DEP milletvekillerinin tahliyeleriyle toplumda doğan rahatlamanın aldatıcı olmaması gerekiyor. Çünkü terör kendisini hala "tayin edici" görüyor. Barış, savaş, ateşkes gibi terimlerle, sanki kendisi de bir "devlet"miş gibi hareket ediyor, kazanılan hak ve özgürlükleri küçümsüyor. Bu tavrın sebepleri vardır: Akıttığı kanlarla sonunda Türk devletini dize getirdiği ve zafer kazandığı düşüncesindedir. AB'ye girme eşiğinde olan Türkiye'nin, yeni bir terör dalgası ile işini güçleştirebileceği düşüncesindedir. Artık bir ekmek kapısı ve sektör haline gelen şiddetten vazgeçip "işsiz" kalmak istememektedir. Nihai amacın kültürel haklar sağlamak değil, "demokratik cumhuriyet" olarak tanımladığı devlete "ortak olmak" olduğunu, unutmamaktadır. Geçmişte akıllı olmayan ve AB yolundaki bir Türkiye'den zaten alabileceklerini kan döktürerek kirleten terörün akılsızlığını bundan sonra da sürdüreceğinin işaretleri vardır. "Hükümete ve onlara aynı mesafedeyiz" gibi gereksiz sözler, Öcalan'ı "barış projesinin mimarı" saymak gibi densizlikler, bunların ilk örnekleridir.

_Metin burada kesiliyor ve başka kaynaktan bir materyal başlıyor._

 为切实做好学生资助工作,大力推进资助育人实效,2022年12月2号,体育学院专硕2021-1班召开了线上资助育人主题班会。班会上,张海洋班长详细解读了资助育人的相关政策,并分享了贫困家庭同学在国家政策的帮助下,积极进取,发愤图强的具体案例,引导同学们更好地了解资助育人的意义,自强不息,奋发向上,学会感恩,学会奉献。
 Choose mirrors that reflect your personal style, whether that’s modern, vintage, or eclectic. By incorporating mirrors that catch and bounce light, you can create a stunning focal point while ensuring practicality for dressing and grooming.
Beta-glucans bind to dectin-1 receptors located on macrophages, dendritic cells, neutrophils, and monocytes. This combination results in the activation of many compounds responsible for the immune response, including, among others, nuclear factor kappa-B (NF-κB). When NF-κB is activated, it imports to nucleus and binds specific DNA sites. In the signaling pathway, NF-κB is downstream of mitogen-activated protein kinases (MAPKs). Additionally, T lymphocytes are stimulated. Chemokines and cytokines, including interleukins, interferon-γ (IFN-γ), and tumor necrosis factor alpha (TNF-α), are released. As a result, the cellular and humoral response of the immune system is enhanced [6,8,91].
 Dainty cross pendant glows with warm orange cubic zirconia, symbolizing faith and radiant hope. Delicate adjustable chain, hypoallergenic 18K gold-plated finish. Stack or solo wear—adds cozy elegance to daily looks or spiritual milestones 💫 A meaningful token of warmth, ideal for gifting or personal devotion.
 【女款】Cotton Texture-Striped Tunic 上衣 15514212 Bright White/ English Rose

Tahliyelerin AB sayesinde olduğu görüşü, tam olarak doğru değildir. Güneydoğuda kan hala oluk oluk akıyor olsa idi, AB'yi kim dinlerdi? Ya da Öcalan'ın yakalandığı günlerde kim, DEP'lilerin tahliyesini ağzına alabilirdi? Tahliyeleri anayasa değişikliği, onu da toplumdaki gelişmeler, yani iç dinamikler hazırlamış ve AB, zeminin olgunlaşmasını hızlandırmıştır.
Neyse ki, bu arada küçük bir ışık da olmuştur. Bu, Leyla Zana isimli, Avrupa'nın en çok kendisiyle ilgili olduğu hanımdır. Tahliyesinden sonra ve takiben Diyarbakır'da söylediği barışçı sözler ümit vericidir. Eğer cezaevinden gerçekten olgunlaşarak çıkmışsa, sözlerinde gerçekten samimi ise ve bundan sonrası için kendisinde yeterli cesareti görüyorsa, bu ufak tefek hanım, çok büyük işler başarabilir ve belki de siyasetin bir lideri olabilir.
Bundan sonraki aşamada onu ciddi bir görev ve sınav bekliyor. Kişiler önemlidir, ancak unutulmamalıdır ki, terörü yalnız başına Türkiye durduramaz. Terör, sınır komşularımızca gizli-açık misafir edildikçe, Avrupa ülkelerince korunmaya devam edildikçe ve ABD tarafından da kesin şekilde dışlanmadıkça, baş ağrıtmaya devam edecektir. Leyla Zana, şimdilik bir ümit ışığı gibi görünüyor. Bakalım bu tarihi görev ve rolüne sahip çıkabilecek mi?